One cross-cultural study referenced by Smiler found that 25 percent of men say they would ideally have two or more sexual partners within the next month, compared to just 5 percent of women. But that still leaves 75 percent of men whose "ideal" is either zero or one. "If guys are biologically programmed to want multiple partners," writes Smiler in Challenging Casanova, "why is it that [they]... overwhelmingly say they're looking for only one partner when completing anonymous surveys?"
On the surface, such a framing of the male libido might look like a celebration of men's desires, unrestrained and free to express themselves as nature intended.
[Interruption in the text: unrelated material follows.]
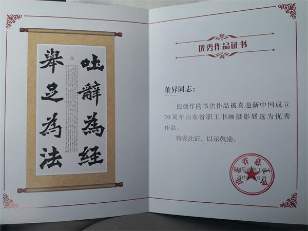 为庆祝新中国成立70周年,学习宣传贯彻习近平新时代中国特色社会主义思想,积极营造庆祝新中国成立70周年浓厚氛围,培育和弘扬社会主义核心价值观,我校工会积极组织教职工参加山东省、青岛市组织的教职工系列活动,在山东省总工会举办“喜迎新中国成立70周年”全省职工书画展评选活动中,我校陈伟、董昇老师的书法作品被评选为山东省总工会书画展优秀作品,陈伟老师的四尺行草《书论一则》作品获省总工会书画展入展书法作品。董昇老师的另外两幅幅书法作品分别荣获山东省科技界“习近平用典”书画作品一等奖和美术出版杯“山东省第三届教师书法大赛”三等奖。
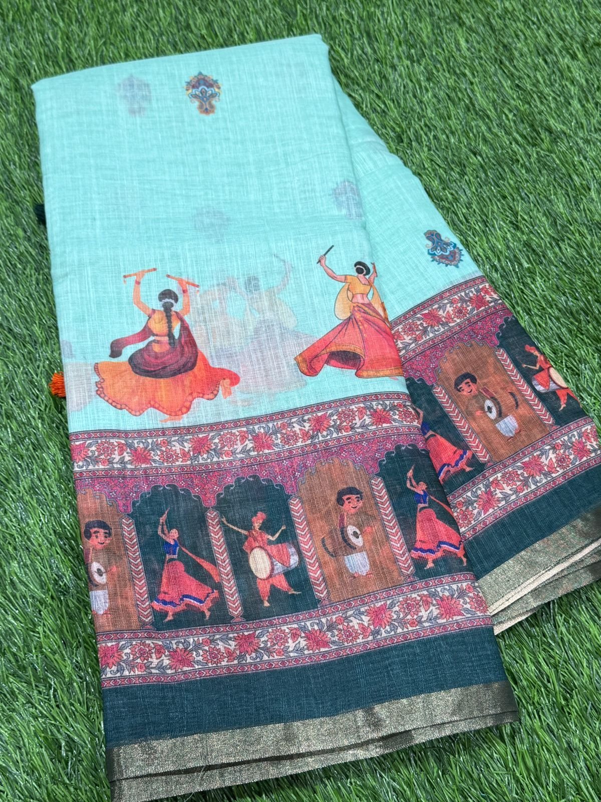 Premium Linen Cotton Saree – Mint Green

As Smiler points out, characters like The Fonz, Barney Stinson, and Charlie Harper are usually among the most charismatic on their respective TV programs. "For whatever reason, the writers give them the best lines. Things usually work out in their favor."
But the Casanova Complex is rooted as much in sex negativity as it is in notions of sex as liberation. It posits that at its heart, male sexuality is a dark and dangerous force.
Today's Casanovas may be glamorized, but they're also presented as being at the mercy of their libidos, willing to lie and manipulate in the pursuit of a moment's pleasure—or a "score" on the sexual playing field.
That's not a celebration of men—it's an insult, a reduction of half the human race to a stereotype. And it is a stereotype that has emotional and practical consequences: from teen pregnancy and STIs (Smiler says that guys who subscribe to the Casanova Complex are less likely to use condoms), to young men who feel pressured to pursue sexual intimacy they're not ready for in order to be a "real man", to relationships like Tom's—where one party is forever waiting for a betrayal that never comes.